- **Task directions**
Repeat the data exactly, leaving out any image.

Top of Available data

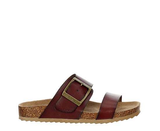 Bjorndal Courtney Women s Footbed Sandal Enjoy everyday comfort in the Courtney women s footbed Sandal from Bjorndal. With a faux leather upper featuring an adjustable buckle strap for a custom fit, this Slip-On Sandal pairs well with jeans or a casual dress. The Cushioned footbed & cork midsole cradle your foot, while the durable outsole provides excellent traction wherever you go. Synthetic upper Slip-On Lightly Cushioned footbed Cork midsole Traction outsole
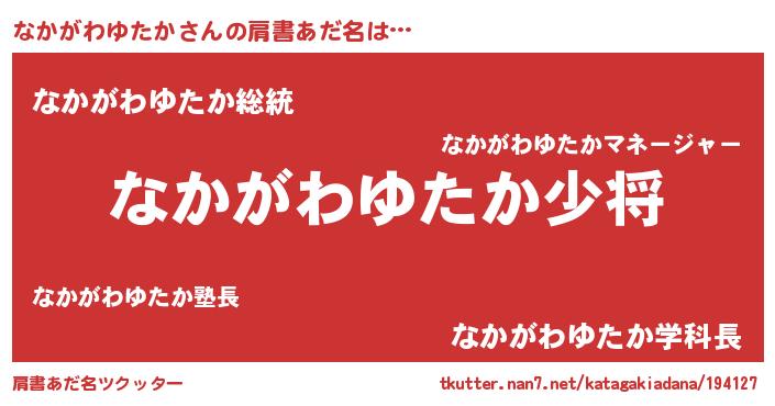 | 料理風あだ名 | 『なかがわゆたかごはん』 |
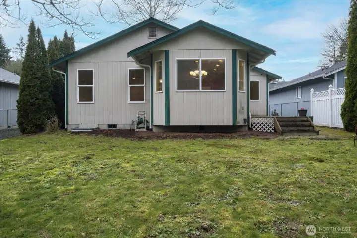 Welcome home to this charming Craftsman-style rambler tucked away on a quiet dead-end street in South Kitsap. Built in 2000, this well-maintained 3-bedroom, 1.75-bath home offers 1,270 sq ft of comfortable, single-level living on a level lot. Step inside to vaulted ceilings and a light-filled layout that creates an open, airy feel throughout the main living spaces. The kitchen features ample cabinetry, a functional layout with eating space, and seamless flow into the dining and living areas—perfect for everyday living and entertaining. French doors lead to a back deck overlooking a spacious yard with room to garden, play, or relax. The primary suite includes a private bath, while two additional bedrooms offer flexibility for guests, home office, or hobbies. Additional highlights include double-pane windows, ceiling fans, forced air heating, and an attached 2-car garage with extra driveway parking. Conveniently located near local amenities, schools, and commuter routes! This move-in ready home is ready for you to make it your own, and offers the perfect blend of comfort, functionality, and location.
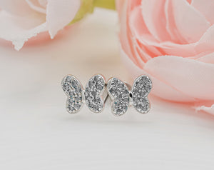 Sterling silver dainty pink crystal butterfly earrings with sparkling CZs. These sweet little earrings make a fun October birthstone gift. These feature screw backs so they stay put and protect the backs of her little ears. (measure 7.5 x 6.5mm)

Bottom of Available data

- **Solution for this exercise**
 Bjorndal Courtney Women s Footbed Sandal Enjoy everyday comfort in the Courtney women s footbed Sandal from Bjorndal. With a faux leather upper featuring an adjustable buckle strap for a custom fit, this Slip-On Sandal pairs well with jeans or a casual dress. The Cushioned footbed & cork midsole cradle your foot, while the durable outsole provides excellent traction wherever you go. Synthetic upper Slip-On Lightly Cushioned footbed Cork midsole Traction outsole
 | 料理風あだ名 | 『なかがわゆたかごはん』 |
 Welcome home to this charming Craftsman-style rambler tucked away on a quiet dead-end street in South Kitsap. Built in 2000, this well-maintained 3-bedroom, 1.75-bath home offers 1,270 sq ft of comfortable, single-level living on a level lot. Step inside to vaulted ceilings and a light-filled layout that creates an open, airy feel throughout the main living spaces. The kitchen features ample cabinetry, a functional layout with eating space, and seamless flow into the dining and living areas—perfect for everyday living and entertaining. French doors lead to a back deck overlooking a spacious yard with room to garden, play, or relax. The primary suite includes a private bath, while two additional bedrooms offer flexibility for guests, home office, or hobbies. Additional highlights include double-pane windows, ceiling fans, forced air heating, and an attached 2-car garage with extra driveway parking. Conveniently located near local amenities, schools, and commuter routes! This move-in ready home is ready for you to make it your own, and offers the perfect blend of comfort, functionality, and location.
 Sterling silver dainty pink crystal butterfly earrings with sparkling CZs. These sweet little earrings make a fun October birthstone gift. These feature screw backs so they stay put and protect the backs of her little ears. (measure 7.5 x 6.5mm)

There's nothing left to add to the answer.